As chaos engulfed the nation, Assad’s opposition battled to take three border crossings with neighboring Turkey and one with Iraq. The government is resorting to more brutal tactics, with state television reporting “purging” in rebel hideouts.
More than 30,000 Syrians fled to Lebanon via the Masnaa border within 48 hours, with cars backed up for a kilometer (0.6 mile) and Lebanese security officials waiving the usual paperwork requirements, the Beirut-based Daily Star reported.
About 125,000 Syrians have left the country since the 18-month conflict began, and as many as 500,000 people still in Syria have been displaced from their homes, the U.S. State Department said July 19.
Even with UN-led peace efforts in tatters, Western nations said Assad’s days were numbered. Those numbers are getting “smaller and smaller,” Susan Rice, the U.S. ambassador to the UN, said yesterday.
President Barack Obama praised the determination of people in the Middle East and North Africa to achieve democracy and their universal rights in a statement celebrating the start of Ramadan yesterday. “The United States continues to stand with those who seek the chance to decide their own destiny, to live free from fear and violence, and to practice their faith freely,” Obama said in the statement.
The Assad government held state funerals yesterday in Damascus for top security officials killed in a bomb attack this week as it seeks to reassert itself in a city that until recently had been spared the worst of the violence.
Among the four victims of the July 18 blast, Assad’s brother-in-law, Assef Shawkat, Defense Minister Dawoud Rajhah and the vice president’s military adviser, Hasan Turkmani, were the most senior officials to die since the uprising began.
Syrian troops are moving chemical weapons across the country in preparation for their use, Reuters reported today, citing General Mustafa Sheikh, who defected to Turkey. The weapons are being moved from storage, possibly in retaliation for the July 18 attack, the general told Reuters in an interview, citing rebel intelligence obtained in recent days.
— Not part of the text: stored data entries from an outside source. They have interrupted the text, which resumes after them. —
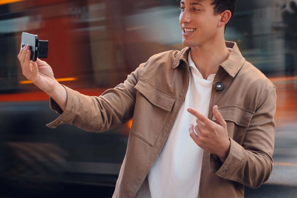 The DJI Mic 3 system supports dual-band wireless frequency hopping between 2.4 and 5.8 GHz signals from up to 1312′ away. Bluetooth 5.4 technology is also integrated into the system for connectivity with your mobile device. The transmitter unit can directly connect to DJI Osmo 360, Osmo Action 5 Pro, Osmo Action 4, or Osmo Action 3 cameras on its own.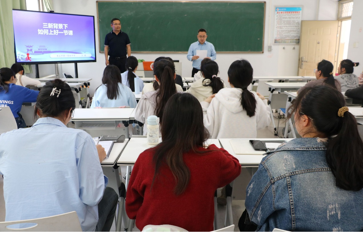为助力教师深入理解“三新”背景下的教学要求,提升课堂教学实效。2025年4月21日下午两点半在睢阳校区一号教学楼210教室开展了“三新背景下如何上好一节课”专题讲座。本次讲座由英国上市365公司副经理任磊主持,商丘第一高级中学教师王威讲授,数学与应用数学系主任司红颖及全体工作坊坊员参加。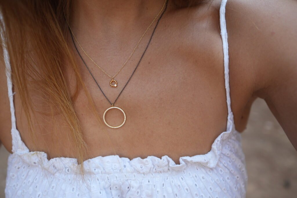 Χειροποίητο κομψό χρυσό μενταγιόν 14 καρατίων περασμένο σε χρυσή αλυσίδα.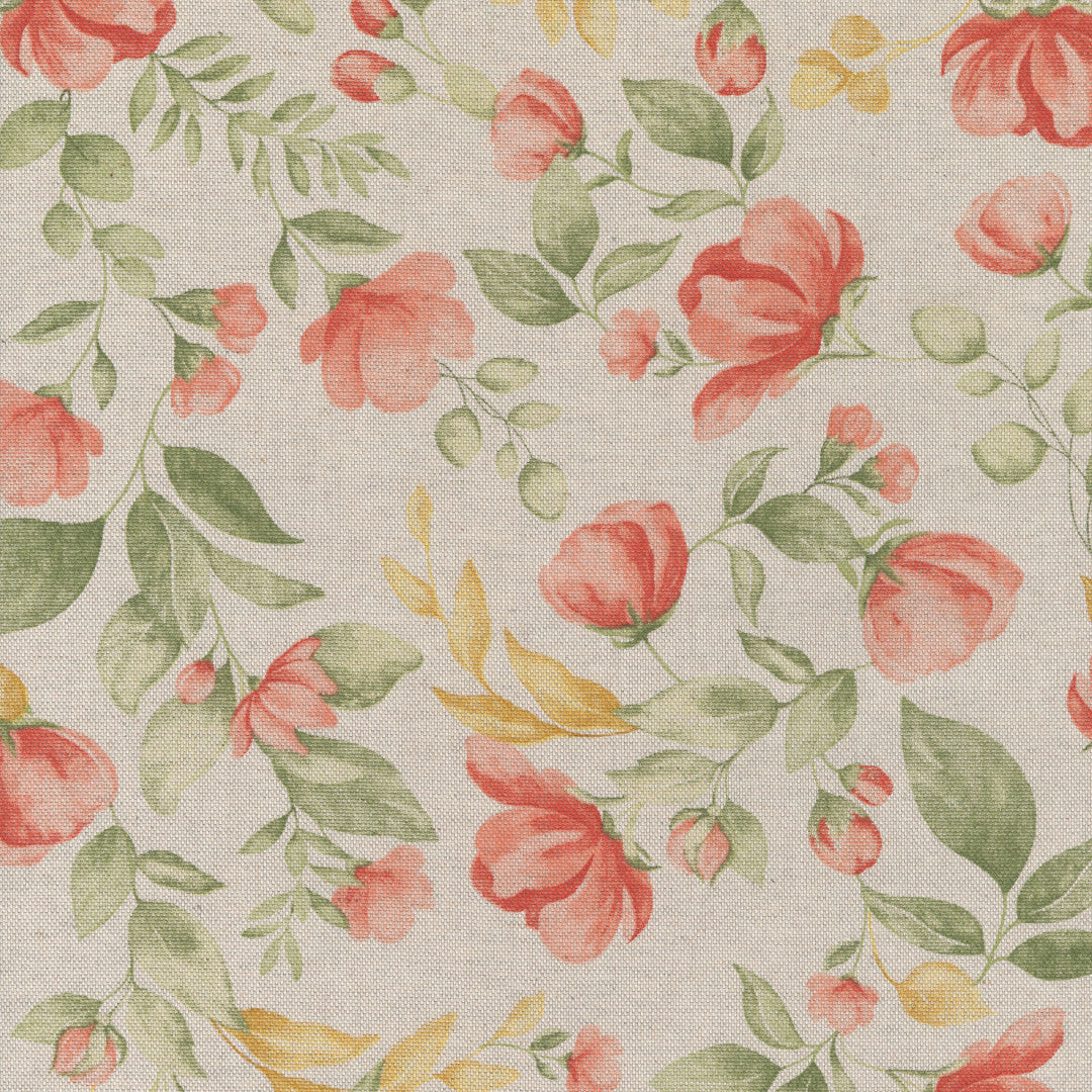 Roselia – Akrylduk i hørlook med romantiske blomster er i restordre og sendes så snart varen er på lager igjen.

Two generals and two colonels in the Syrian military were among 160 Syrians who crossed the border into Turkey seeking refuge, the state-run Anatolia news agency reported today.
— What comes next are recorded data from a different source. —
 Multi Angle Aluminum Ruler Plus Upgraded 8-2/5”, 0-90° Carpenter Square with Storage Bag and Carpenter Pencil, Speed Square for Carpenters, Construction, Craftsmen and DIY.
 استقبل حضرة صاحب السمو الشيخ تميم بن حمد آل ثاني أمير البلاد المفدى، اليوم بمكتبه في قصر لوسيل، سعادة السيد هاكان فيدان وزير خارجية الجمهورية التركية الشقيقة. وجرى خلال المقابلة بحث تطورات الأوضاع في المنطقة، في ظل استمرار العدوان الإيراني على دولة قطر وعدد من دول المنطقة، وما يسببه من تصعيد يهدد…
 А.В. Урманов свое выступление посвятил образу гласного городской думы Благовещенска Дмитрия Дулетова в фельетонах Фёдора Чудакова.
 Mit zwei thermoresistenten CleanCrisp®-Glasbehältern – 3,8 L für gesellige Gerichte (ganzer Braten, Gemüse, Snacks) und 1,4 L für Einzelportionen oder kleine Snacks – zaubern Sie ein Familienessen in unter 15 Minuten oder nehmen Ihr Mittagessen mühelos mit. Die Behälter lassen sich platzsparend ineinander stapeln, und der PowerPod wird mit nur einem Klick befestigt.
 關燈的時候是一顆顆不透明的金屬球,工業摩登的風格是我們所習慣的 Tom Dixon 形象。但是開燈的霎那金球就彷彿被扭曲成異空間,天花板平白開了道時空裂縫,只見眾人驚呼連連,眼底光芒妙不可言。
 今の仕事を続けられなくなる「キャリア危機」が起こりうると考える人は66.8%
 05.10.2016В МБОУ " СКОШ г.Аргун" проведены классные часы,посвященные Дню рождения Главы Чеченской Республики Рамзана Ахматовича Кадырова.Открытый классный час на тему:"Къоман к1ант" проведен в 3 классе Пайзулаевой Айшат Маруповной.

The Syrian Observatory for Human Rights, an opposition group, said in an e-mail today that 190 civilians were killed in the country yesterday, including 63 in Damascus and 19 in Deraa. At least 43 Syrian soldiers were killed, it said. Troops shelled Aleppo, where “dozens of missiles fell in the city, and many houses were destroyed and flattened,” the Local-Coordination Committees, another opposition group, said. Five explosions were heard in Aleppo early today, the LCC said.
The civil war is splitting the country along increasingly sectarian lines, with a Sunni Muslim-led opposition confronting a government whose top officials are drawn from the Alawite sect, affiliated to Shiite Islam.
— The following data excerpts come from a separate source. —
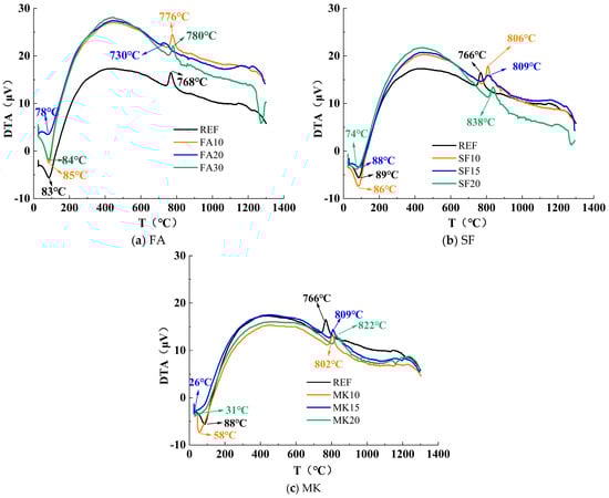 A ZCT-B simultaneous thermal analyzer (Beijing Jingyi Hitechinstrument Co., Ltd., Beijing, China) was employed, with the test sample weighing approximately 15 mg. The heating rate was controlled at 10 °C/min, and the maximum temperature was raised to 1000 °C. The DTA curves for each group of samples were obtained.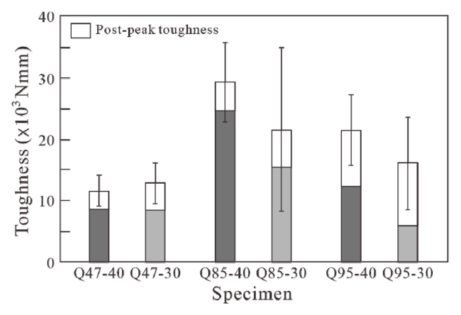 낮게 나타났다. 이는 Table 4에 나타난 바와 같이, 시험체 Q95-40과 Q95-30 표면에 부착 균열이 발생하는 등 탄소그리드와 모르타르 간 부착이 좋지 않았기 때문으로 판단된다.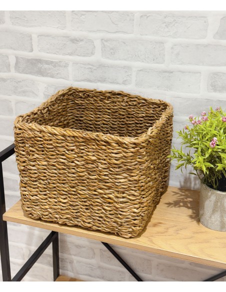 Bonita y práctica cesta de fibras trenzadas, con forma cuadrada y un tono cálido que aporta textura y un aire acogedor a cualquier rincón de casa.
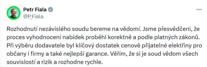 피알라 총리는 이날 자신의 소셜미디어 계정을 통해 "공급업체 선정 시 핵심 기준은 국민과 기업에게 충분하고 가격 경쟁력 있는 전기를 제공하는 것이었으며 또한 최고의 보장 조건이었다"며 이같이 밝혔다.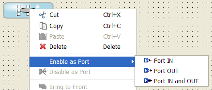 Right-click the ellipse and click Enable as Port > Port IN and OUT in the pop-up menu.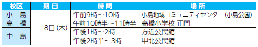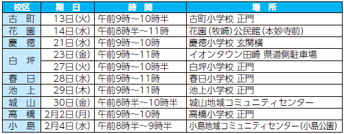 お住まいの校区以外の会場でも受診できます(専用の駐車場はありません)
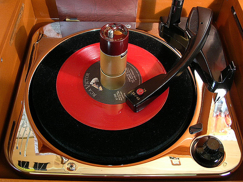 RCA Victor it might be said crossed the Rubicon when on January 10, 1949, it introduced a new kind of record — a vinyl disc, just seven inches in diameter with a great big hole in the middle, the 45 (referring to its revolutions per minute). The 45 replaced the big noisy shellac disc that rotated at a breakneck 78 rpm. The first 45 rpm single was “Peewee the Piccolo.” Remember it?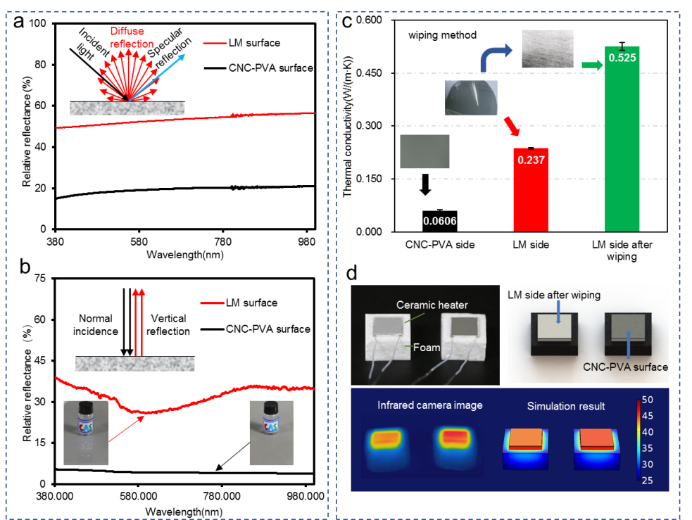 更进一步的,研究团队发现这种液态金属薄膜两面对光的反射效果以及导热性能也有显著性差异,这种特性使其有可能被用作光转化开关和温度调节器(图4)。这样一种同时具有电学、光学和热学三种特性的两面各异性薄膜,在制备的过程中不需要任何复杂的工艺及精密仪器的辅助,制备过程不仅简单易行,而且并不需要耗费太多时间。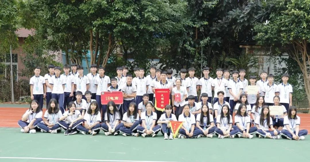18藥劑1班主任李時偵老師、19美容1班主任管文雅老師、18美容2班主任寧秀霞老師與領(lǐng)獎班級代表合影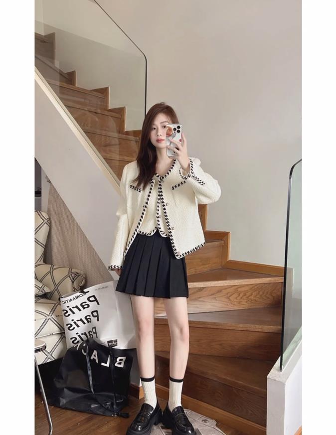 黑白配的穿搭也太耐看了吧?很高級又充滿氣質感,這一件奶白色小香風外套看起來就很不錯,隨便穿就顯貴氣。搭配黑色或同色的百褶裙,完美!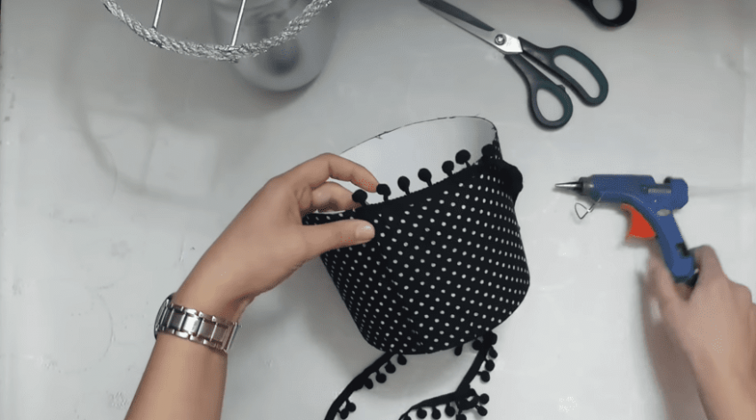 После высыхания клея окрашиваем каркас в тон основанию. Низ абажура дополнительно декорируем бахромой.

Russia, which on July 19 used its veto for a third time to protect Syria from UN sanctions, said its envoy in Paris had been misunderstood when he told French radio that Assad would be willing to go if it was arranged in a “civilized manner.”
“Only the Syrian people can decide the fate of Syria, including that of its leadership,” the Russian Foreign Ministry said in a statement.
Hopes for a peaceful outcome to the crisis have evaporated, said Aram Nerguizian, a visiting fellow at the Center for Strategic and International Studies in Washington.
“What was possible nine months ago, became difficult six months ago and intractable three months ago,” he said. “Now we’re heading straight toward chaos.”